Ideally we could begin systematically scaling back agriculture and gradually disman­tling civilization. We could turn instead to small scale, localized horticulture and then to tribal, non-industrial and non-agricultural ways of living. The transition could include a concerted worldwide effort to support humane, voluntary measures enabling our num­bers to decline gradually and dramatically. Perhaps most importantly, we could work to spread a different view of our place in nature, acknowledging that we are of the earth, just one of millions of species, as much subject to ecological laws as any other. At some point, the few surviving hunter-gatherer groups on Earth might serve as mentors rather than objects of academic study.
posted by Golden Eternity at 9:35 AM on January 2, 2014


Solution to cloud riddle reveals hotter future

"Global average temperatures will rise at least 4°C by 2100 and potentially more than 8°C by 2200 if carbon dioxide emissions are not reduced, according to new research published in Nature that shows our climate is more sensitive to carbon dioxide than most previous estimates."
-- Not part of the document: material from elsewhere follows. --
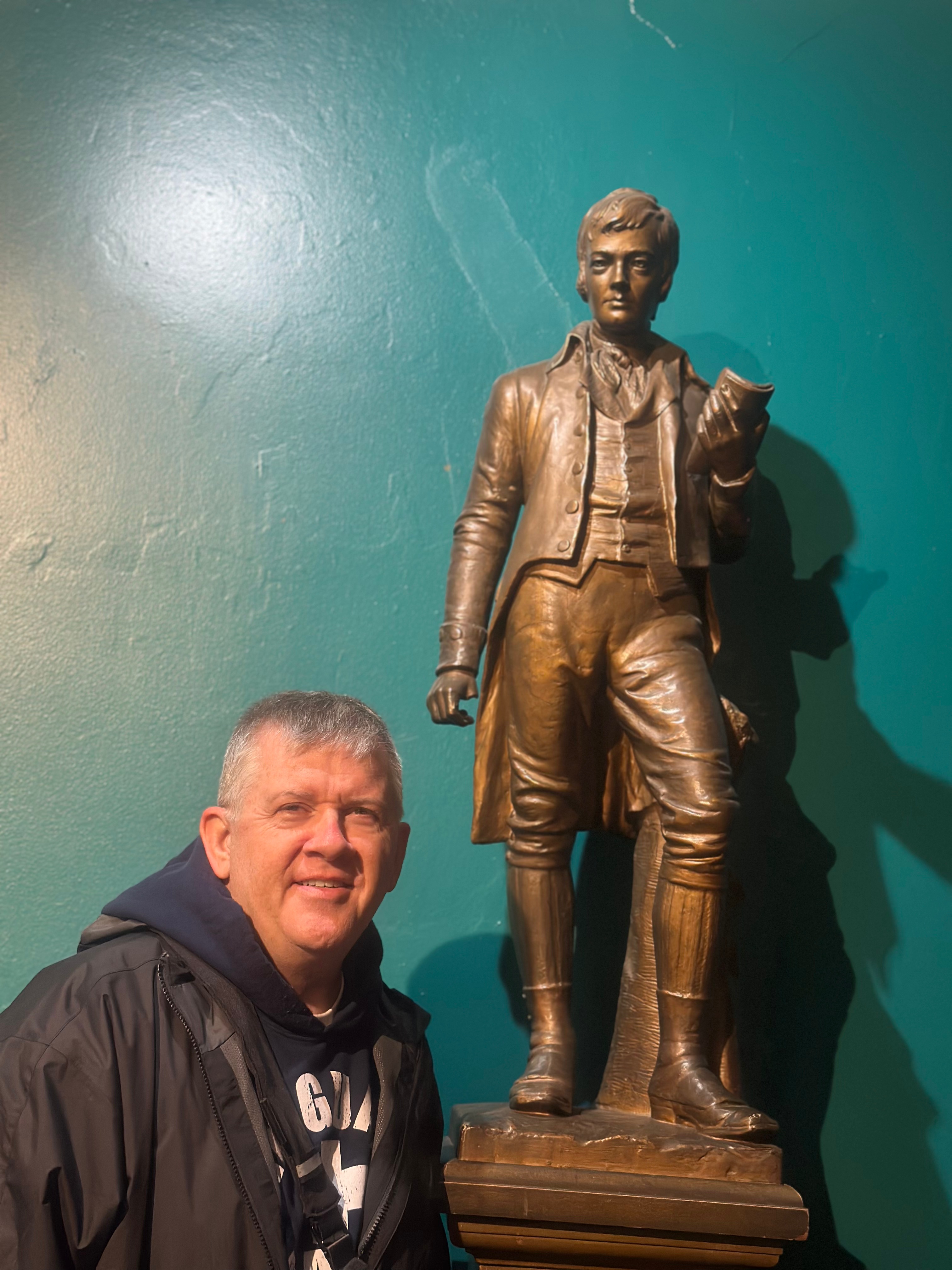 We met up with Blythe and visited The Writers’ Museum, which featured exhibitions that focus on three men who are generally considered the greatest Scottish writers: Sir Walter Scott, Robert Louis Stevenson, and Robert Burns. I’ve not read their work but wanted to visit the Burns exhibit in honor of my cousin Jim Couch, who passed away in 2023. Jim, a college English professor, was one of the nicest, kindest, smartest men I’ve known; Burns was his favorite writer, so visiting the Burns exhibit and sharing photos with Jim’s daughter Deborah was a good way to honor his memory.

from UNSW (University of New South Wales, Australia), also posted today on Science Daily.
posted by Hairy Lobster at 12:45 PM on January 3, 2014


We can be happy underground!

As God is my witness I though that was going to be a clip of the whole subterranean rave disco scene from The Matrix Reloaded.
posted by EmpressCallipygos at 3:26 PM on January 3, 2014 [2 favorites]




A small but much needed dose of optimism:

Organic Mega Flow Battery Promises Breakthrough for Renewable Energy
posted by Hairy Lobster at 11:33 AM on January 9, 2014


A small but much needed dose of optimism:

Organic Mega Flow Battery Promises Breakthrough for Renewable Energy


Ooh, that does sound promising. I await the inevitable, "it's all ridiculously overhyped" letdown.